Monday, September 29, 2008
On September 24 I attended the Google Teacher Academy in Chicago. The agenda speaks to the scope of the experience. Of course there were a lot of things that were noteworthy, but here are some things that stand out now that I've reflected on the event.
As a teacher who still incorporates both digital tools and traditional language arts tools (like books, pens, and paper), I was intrigued by the search function of the Books project. For example, suppose I can't quite locate a quote from the book, 1984, by George Orwell; I remember that there was a part where the character Syme is predicting the imminent demise of books, but I can't find the quote when I need it. I do a quick book search, and within seconds I've got it:
Whoever thought up the idea for the Books project has definitely done Orwell proud.... There are a lot of noble digital endeavors devoted to the book these days, like Project Gutenberg and Shelfari to name a couple, but as of this writing no one does book search better than Google.

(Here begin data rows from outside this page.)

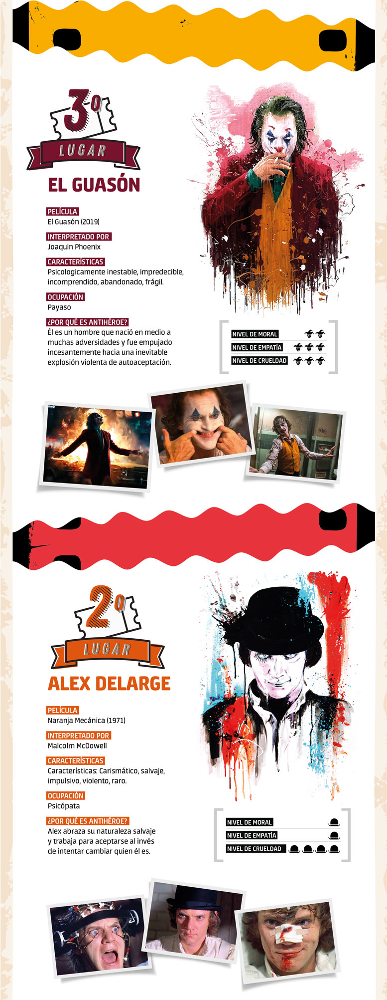 El segundo lugar en esta ‘maquiavélica’ lista de personas antihéroes es para Alex Delarge, el famoso más recordado del filme Naranja Mecánica, estrenada en 1971. En esta película, Inglaterra vio los errores, violencia, abusos y sadismo de una pandilla que llenó de miedo sus calles. En esa espiral de violencia estaba Delarge, carismático y salvaje a la vez, quien empujado por un conocido paró tras las rejas. De la cárcel salió, pero ya no era el mismo. Como boomerang, fue víctima y sus verdugos eran aquellos que no olvidaron su perversa mirada. En Delarge el nivel de crueldad es nivel 4.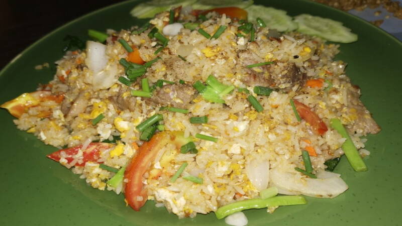 So haben Sie in der Regel die Wahl zwischen Kao Pad mit Gemüse, Schweinefleisch, Hühnchen oder Garnelen.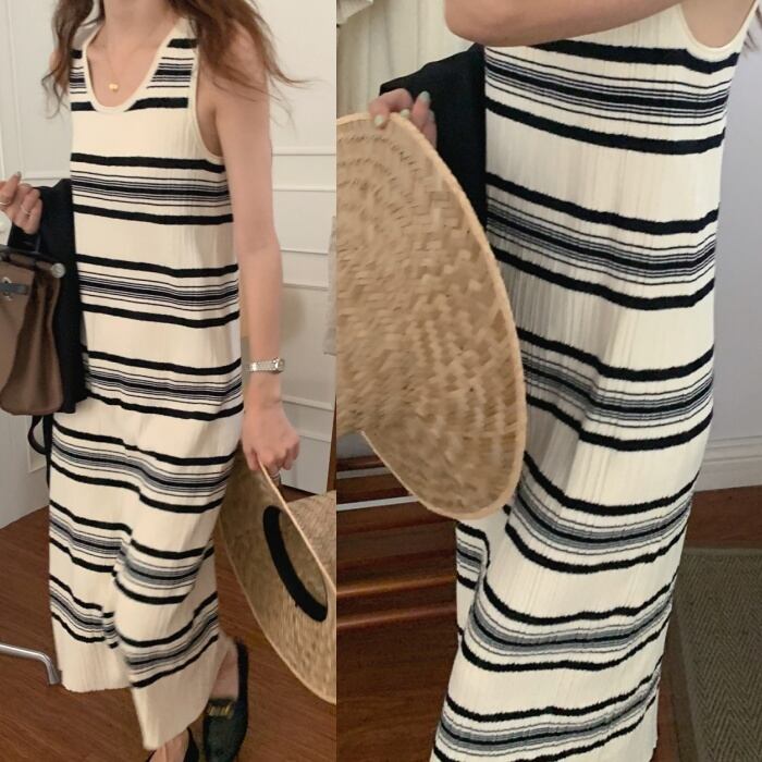 お洒落な配色のボーダー柄が目を惹くワンピース。

Another area of interest is Google Forms, which I've only been using for a little while. I'd like to know how other teachers are using them. Certainly Thomas Barrett is someone who's doing some amazing things with that application now.
Suggestions for future GTA's? I could have spent a lot more time learning about advanced searches, and also how I can turn better manage the wealth (glut?) of information that can appear in my Reader on a daily basis.